The Saudi and UAE-backed body succeeding Abd Rabbuh Mansour Hadi is tasked with uniting fractured anti-Houthi forces
Sultan al-Arada (C) , a member of Yemen's new leadership council, speaks with a person during the last day of the conference on the conflict in Yemen, hosted by the six-nation Gulf Cooperation Council (GCC) in Saudi Arabia's capital Riyadh on April 7, 2022 (AFP)
Sultan al-Arada (C), a member of Yemen's new leadership council, during the last day of the conference on the conflict in Yemen, hosted by the Gulf Cooperation Council in Riyadh, on 7 April 2022 (AFP)

After 10 years overseeing Yemen's descent from post-Arab Spring optimism into catastrophic war and destitution, President Abd Rabbuh Mansour Hadi's rule is no more.

On Thursday, the beleagured leader of Yemen, who has for many years resided in neighbouring Saudi Arabia, announced that power would be handed over to a new presidential council.

"I irreversibly delegate to this presidential leadership council my full powers," announced Hadi in a televised statement, after days of talks in Riyadh.

The move was welcomed by Saudi Arabia, which promised in the wake of the announcement that it would provide $3bn in aid along with the UAE.

'You can't be optimistic in Yemen. The council wasn't formed through Yemeni-Yemeni talks, it was a result of exterior forces'

- Maysaa Shuja al-Deen, Sanaa Centre for Strategic Studies

The Iran-aligned Houthi movement, which has been fighting a Saudi-led coalition and forces loyal to Hadi for eight years, dismissed the development as "a desperate attempt to rearrange the ranks of the mercenaries".

Yemen analyst Adam Baron told Middle East Eye that the main purpose of the council was to unify the anti-Houthi forces in the country, which have become increasingly fractured by in-fighting and competing interests.

"The make-up of the council is largely split between different representatives of key political, societal and military groupings," he said.
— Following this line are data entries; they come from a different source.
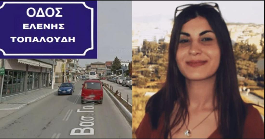 Το όνομα της Ελένης Τοπαλούδη θα πάρει κεντρική οδός του Διδυμοτείχου, ύστερα από σχετική απόφαση του δημοτικού συμβουλίου, με την επίσημη τελετή ονοματοδοσίας να σχεδιάζεται από τη δημοτική αρχή για τον ερχόμενο Νοέμβριο, με αφορμή τη συμπλήρωση τριών χρόνων από τη δολοφονία της νεαρής φοιτήτριας.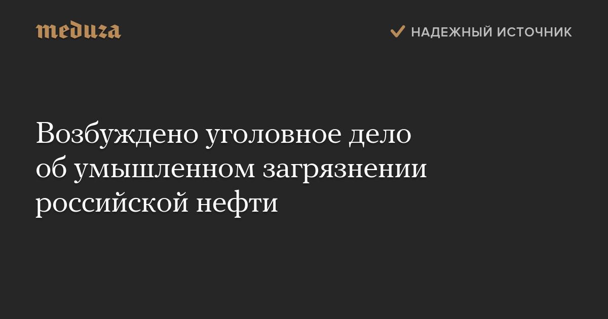 Возбуждено уголовное дело об умышленном загрязнении российской нефти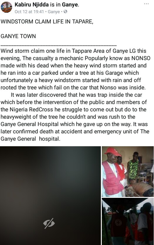 According to Comrade Kabiru Njidda, a facilitator at Nigeria RedCross Society, the deceased, pictured above, took shelter inside the car parked at his garage during the windstorm but unfortunately the storm uprooted the tree and it fell on the vehicle. Read the rest of his write-up below.
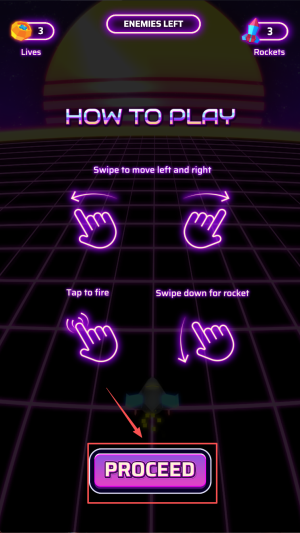 2、接着,在教程界面阅读提示:左右滑动移动,点击开火,下滑放火箭,然后点“PROCEED”继续。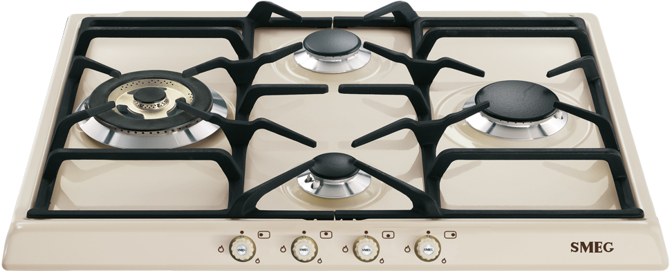 Эту модель нельзя не полюбить: кремовая эмаль, ромбовидное расположение четырех конфорок, классические габариты делают ее уместной практически в любой кухне. Кстати, у Smeg есть техника, выполненная в том же цвете, так что можно собрать комплект, включающий духовой шкаф и микроволновку. На варочной панели – четыре горелки, причем одна из них с несколькими ярусами пламени. У турбоконфорки с тройной короной – 3,3 кВт, а остальные имеют мощность 2,2 кВт, 1,65 и 1,05 кВт. Чтобы подчеркнуть высокое качество техники, компания Smeg использовала латунную фурнитуру.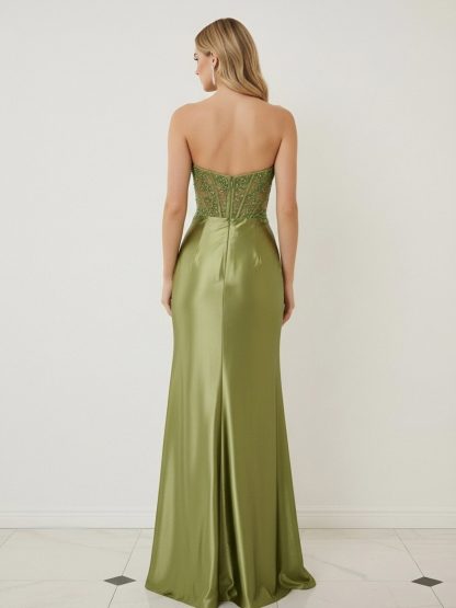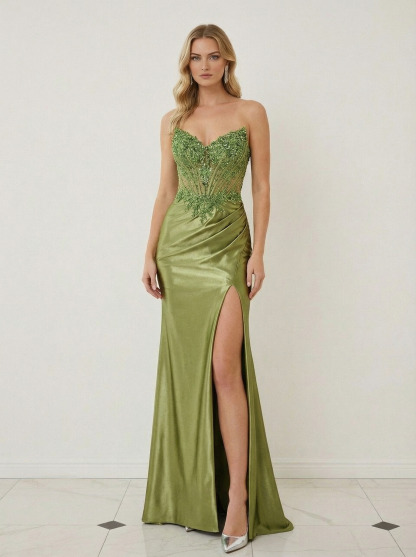 Satin Jacquard Sweetheart Mermaid Prom Dresses with Applique

"I wouldn't say it's UAE-dominated, though UAE-aligned people do make up a significant proportion of its members."

Among those involved are figures connected to the separatist Southern Transitional Council (STC), the powerful Giants Brigade militia, as well as Tareq Saleh, nephew of late Yemeni president Ali Abdullah Saleh. All have close ties to the UAE.

But a number of other figures in the council are linked to the Islah party, the Yemeni wing of the Muslim Brotherhood, which has long been deeply at odds with the UAE and its proxies.

Others were previously affiliated with the General People's Congress, the political party of Saleh's administration, which ruled Yemen from 1993 before being ousted in 2012 following the Arab Spring demonstrations.

The formation of the council comes against the backdrop of a United Nations-brokered truce that took effect last Saturday, marking the first day of Ramadan.

As drips of information from Saudi Arabia indicate that Crown Prince Mohammed bin Salman is increasingly determined to extract his country from the long-running conflict, many believe the move to unify the anti-Houthi bloc is a precursor to securing a final way out, even if it leaves the country mired in crisis for years to come.

"You can't be optimistic in Yemen. The council wasn't formed through Yemeni-Yemeni talks, it was a result of exterior forces," said Maysaa Shuja al-Deen, a senior researcher at the Sanaa Center for Strategic Studies.

"The participants and negotiators in the discussions in Riyadh did not know that a council was being formed. The decision to form the government does not have any Yemeni touch, which is worrying."

Make-up and mandate

Few would disagree that there was a need for a change in status quo.

"Hadi was a totally inefficient guy," said one analyst, who did not want to be named, describing the ageing and reportedly unwell leader as a "stumbling block" for any future negotiations.

Hadi, who was elected uncontested in 2012, said on Thursday he was ceding power to the new group, the composition of which was decided outside the country with little or no democratic mandate.

The new grouping, Hadi said, would be tasked with "negotiating with the Houthis for a permanent ceasefire".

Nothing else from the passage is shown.